Она засмеялась, но тут же отвернулась, презрительно фыркнув.
— Я не отпустил тебе грехи?
— Чего стоит твое отпущение? Ты сам грешник — не меньше моего, а может, и больше. Думаю, мне нужно обратиться к отцу Бастьену. — Мод насупилась.
— Все люди грешники, не только ты и я — таков человек, рожденный во грехе. Но, Мод, любовь моя, хоть я и грешник, но облеченный Силой и Славой. Мое отпущение — все равно что отпущение самого Папы. Что же касается плоти, то хочу напомнить тебе о Блаженном Августине, он молил Христа спасти его от сексуальной невоздержанности, — но, увы, тщетно.
— Насчет почесать языком — тут ты больше похож на ирландца, чем на француза.
— Исповедуйся отцу Бастьену, если хочешь.
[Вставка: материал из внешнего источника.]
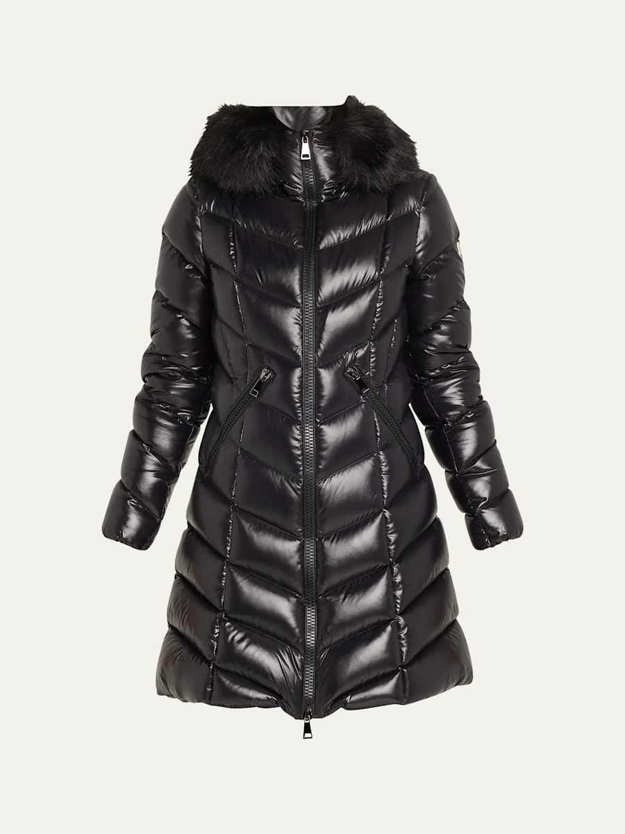Fulmarus Chevron-Quilted Long Puffer Coat with Faux Fur Trim
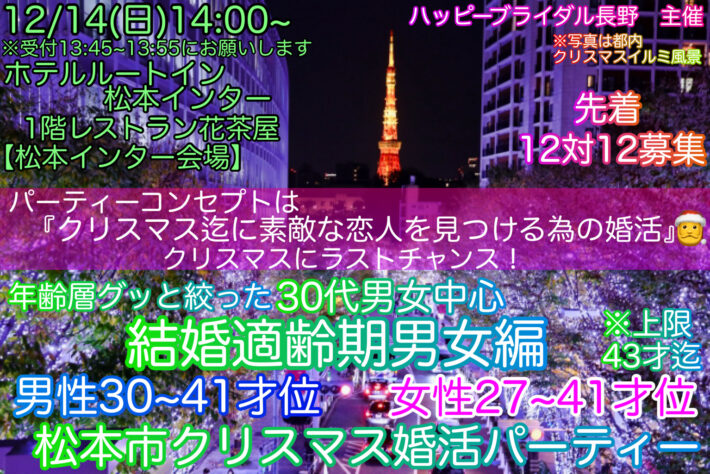 【公式サイト☆ベストレート早割先行予約✨12月松本市30代中心編婚活】 12/14(日)14:00~【ルートイン松本IC会場】上限43歳迄《結婚適齢期男女♡30代〜41歳位主役》松本市クリスマス婚活パーティー
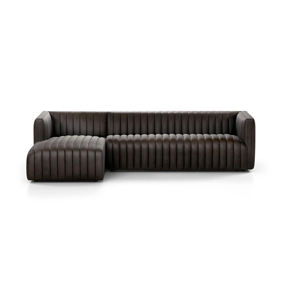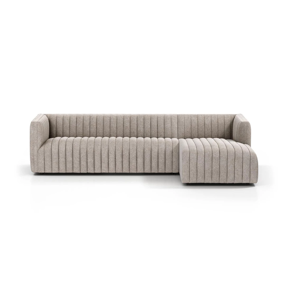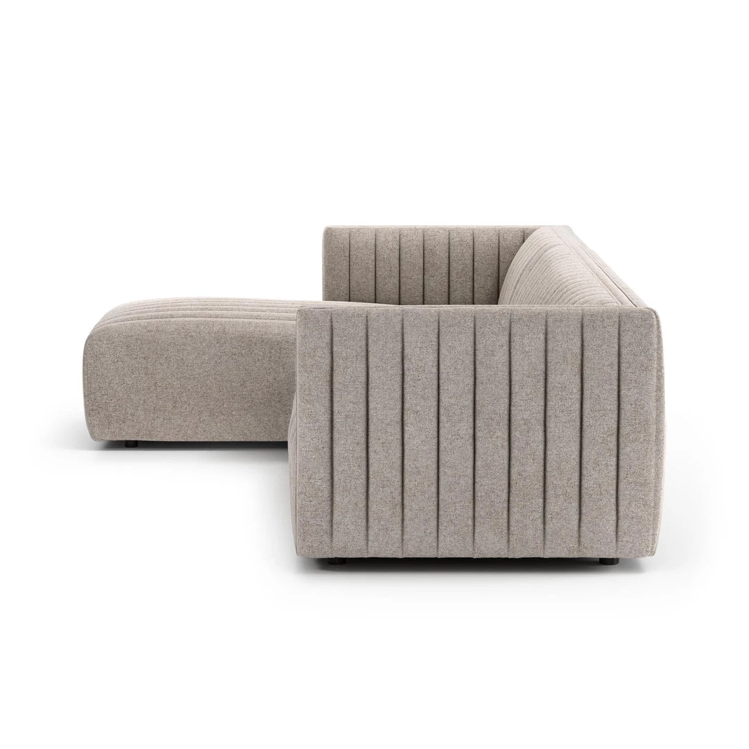 A dramatically channeled sofa with white linen-blend upholstery offers a crisp, clean look and sumptuous sit. Two-piece sectional with left arm-facing chaise, perfectly sized for smaller spaces.

Делай, как тебе лучше.
— Ладно, там будет видно.
Она пожала плечами и оставила меня, уйдя спать в восточное крыло.
Я счел разумным первым поговорить с Бастьеном. Кто знает, что может сказать ему Мод?
Я привык к странностям Бастьена, но тут он удивил меня. Прежде всего он одобрил ожидаемое прибытие в мир маленького Мюзика и сказал, что Мод только улучшит мою породу. Потом он перешел к моей проблеме — как обеспечить отпрыска средствами к существованию. Бастьен посоветовал для начала выяснить границы моих полномочий в Бил-Холле, потом связаться с Попеску — единственным нашим знакомым в деловом мире.
— Все-таки, Эдмон, — сказал Бастьен, — наша сфера духовная, далеко не практическая. — Он дружески похлопал меня по спине. — Между прочим, я снова обследовал погреб, и улов недурен. Я принес наверх пару бутылок «Пюлиньи-Монтраше» тысяча девятьсот тридцать седьмого года. Стоит попробовать.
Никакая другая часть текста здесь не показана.